Repointing mortar joints cracked by the expansion of stone-veneered concrete retaining walls on the Mountaintop Campus of Lehigh University was nothing new. It had been tried before, and always with the same results: new mortar cracked; stone caps on the wall loosened and were retained only by metal pins and straps sunk into the now damaged mortar joint; silicone used as a substitute for mortar failed to adhere to the stone as the joints opened; mortar that did withstand expansion forces failed to match original joints.The solution would be to treat the cracks as "natural" expansion joints, eliminating the mortar and replacing it with materials that would withstand the forces exerted on the joints. The answer was a one-part urethane sealant.Urethane sealant has more generous expansion and contraction characteristics than nonurethane caulks, and it has excellent adhesive properties.
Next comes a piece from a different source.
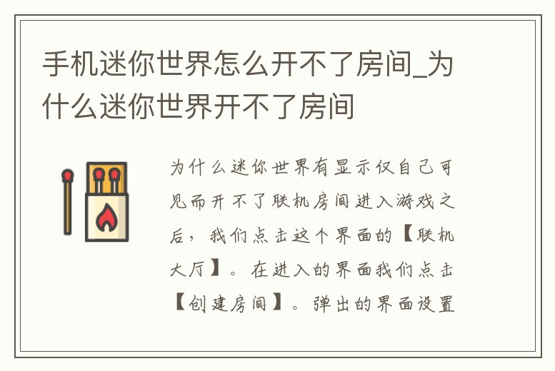 手機迷你世界怎么開不了房間_為什么迷你世界開不了房間

Urethane presented only one major problem: aesthetics. Even with a custom mixed color, the texture of the sealant would not match that of the original mortar joints. The solution: mix sand to match the hue and texture of existing mortar, then sprinkle it on the sealed joint before the urethane cures.
Repairing the Joints
To repair the joints, crews removed loose and damaged mortar in a conventional manner with a toothed masonry chisel. They chiseled joints deep enough to accept extruded polyethylene backer rod and a bead of sealant as deep as the joint is wide, up to 1/2 inch.